Comparison diagram of manually taught trajectory and obtained trajectory

Fig. 25
figure 25

Error analysis chart

As shown in Fig. 25, for the welding trajectory planning of the plane weld, the errors of the proposed method are stable within 1mm. This accuracy fully meets the error requirements of industrial welding scenarios. Therefore, this paper’s welding trajectory planning method can completely replace the manual teaching method.
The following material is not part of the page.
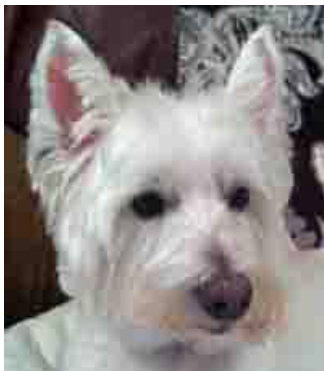
Sparkle (In Care)

He would love someone who would like a lap dog.
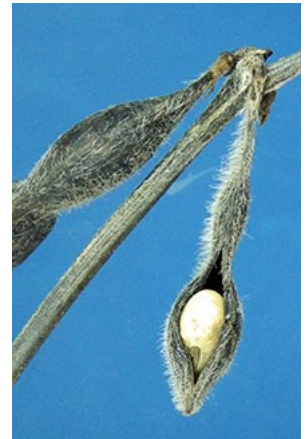
Figure 1. Soybean seed beginning to swell from moisture available through pod wall.

At the end of the experiment, according to the programming rules of the robot controller, we reasonably sample the fitting point cloud of the welding seam to obtain the robot welding trajectory points. After reasonably planning the robot’s end pose, the obtained welding trajectory points are sent to the robot controller. The robot can drive the welding torch to perform the welding task accurately, which further verifies the feasibility and accuracy of the method.

5.3 Algorithm efficiency analysis

In industrial sites, efficiency improvement is one of the main motivations for automated equipment to replace manual labor. The algorithm design of this experiment was initially deduced using Matlab and finally implemented using C++. Due to the large point cloud data, this experiment uses multi-threaded programming, which improves the algorithm’s efficiency. Through many experiments, we finally get the average running time of the algorithm, as shown in Table 2.

Table 2 Algorithm running time

It can be seen from Table 2 that the time for this algorithm to process the point cloud of a plane weld is 4.308s. Therefore, the algorithm meets the efficiency requirements in industrial welding scenarios and has rapidity.

6 Conclusion

Facing industrial requirements, this paper proposes a novel 3D vision-based plane weld trajectory planning method. This method finally realizes the automatic robot welding of three types of plane welds without teaching and programming. The advantages of this method are as follows:

  1. 1.

    This method liberates labor, improves welding efficiency, and solves the problems of poor manual welding precision and consistency.

  2. 2.

    The method realizes the automatic trajectory planning of the plane welding workpiece, avoids the complicated programming work of the welding robot, and improves the automation degree of the robot welding.